The Business Case for Circularity

Product design, processes and partnerships optimize circularity to close the supply chain and manufacturing loop.

TAKEAWAYS:
● Consumers are demanding more circularity, so leading manufacturers are using circular models to reduce risk, unlock new revenue and build more resilient supply chains.
● Circular product design and digital twins are helping manufacturing optimize every lifecycle phase, from sourcing to end-of-life recovery.
● Collaboration across ecosystems is essential to scale circular operations and shared innovation.

What is a “Circular Economy” and why is it important now?

For more than 15 years, the Ellen McArthur Foundation has been working globally with businesses, academia, policymakers and institutions to accelerate the shift away from the traditional linear economy. As a global leader in this space, their definition of the core principles behind a circular economy are solid:

Eliminate waste and pollution
Circulate products and materials (at their highest value)
Regenerate nature

All three are important, with the first two probably resonating the most with supply chain and manufacturing stakeholders. However, consumers are putting more pressure on organizations to focus equally on all three. This is part of why the circular economy today is an increasingly important topic; regardless of changing policy and regulation, the general global sentiment continues to drive buying behavior to brands and products that are focused on environmental stewardship.
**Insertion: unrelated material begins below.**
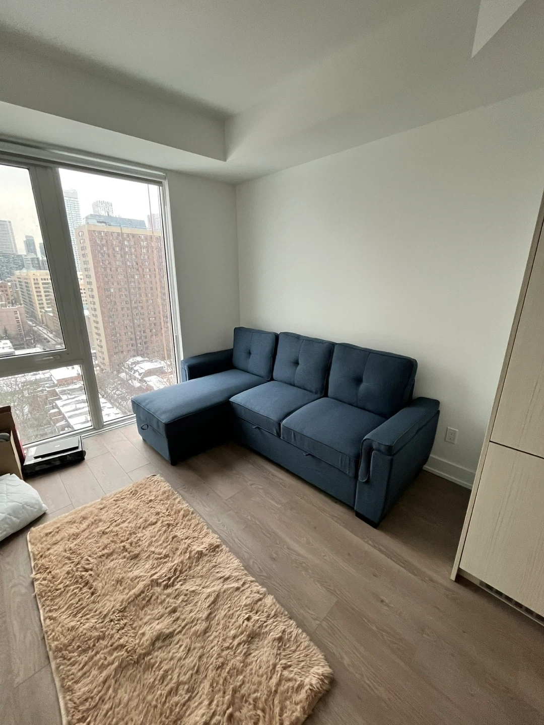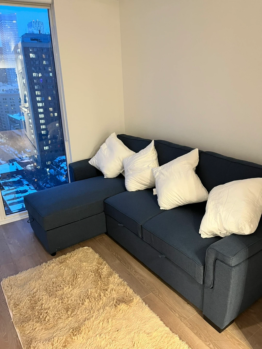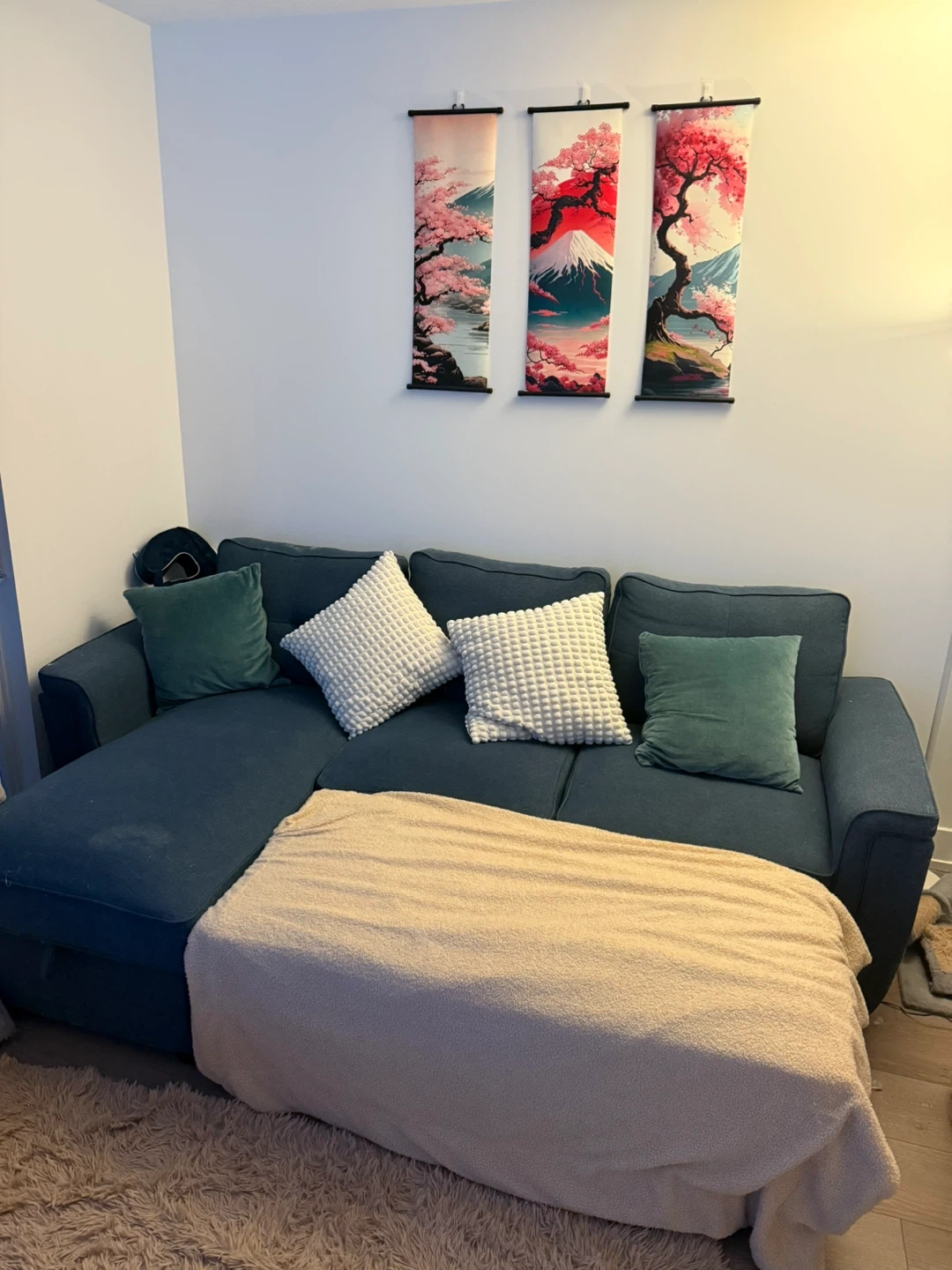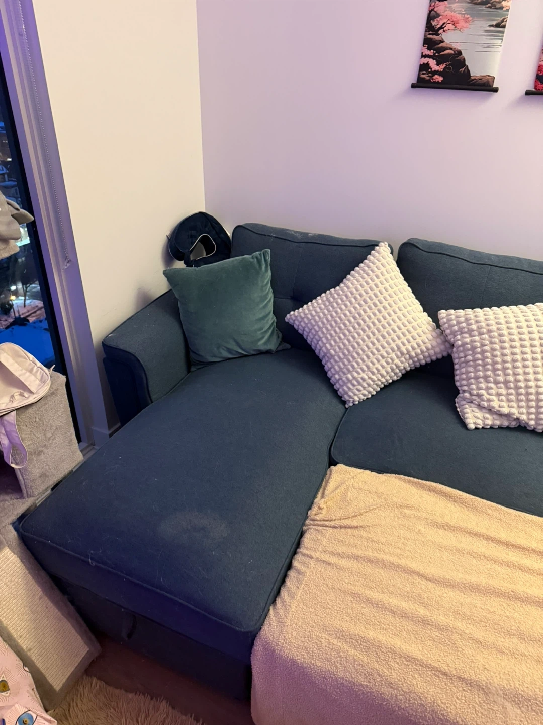 Comfy blue sectional sofa with a chaise lounge! Perfect for relaxing and adding a pop of colour to your living space. It's in good condition and ready for a new home.

Of course, pure operational issues are just as important, and that is what most of this article will focus on. Natural resources are being depleted at unsustainable rates, and governmental regulation (such as the EU’s Circular Economy Action Plan) are mandates that cannot be ignored. The circular economy has become a strategic imperative to compel manufacturers to rethink product design, operational models and value chain collaboration to maximize material value, reduce waste and regenerate natural systems.

Business case

Happily, implementing these core principles can unlock both economic advantage and sustainability leadership in increasingly resource-constrained (and competitive) markets.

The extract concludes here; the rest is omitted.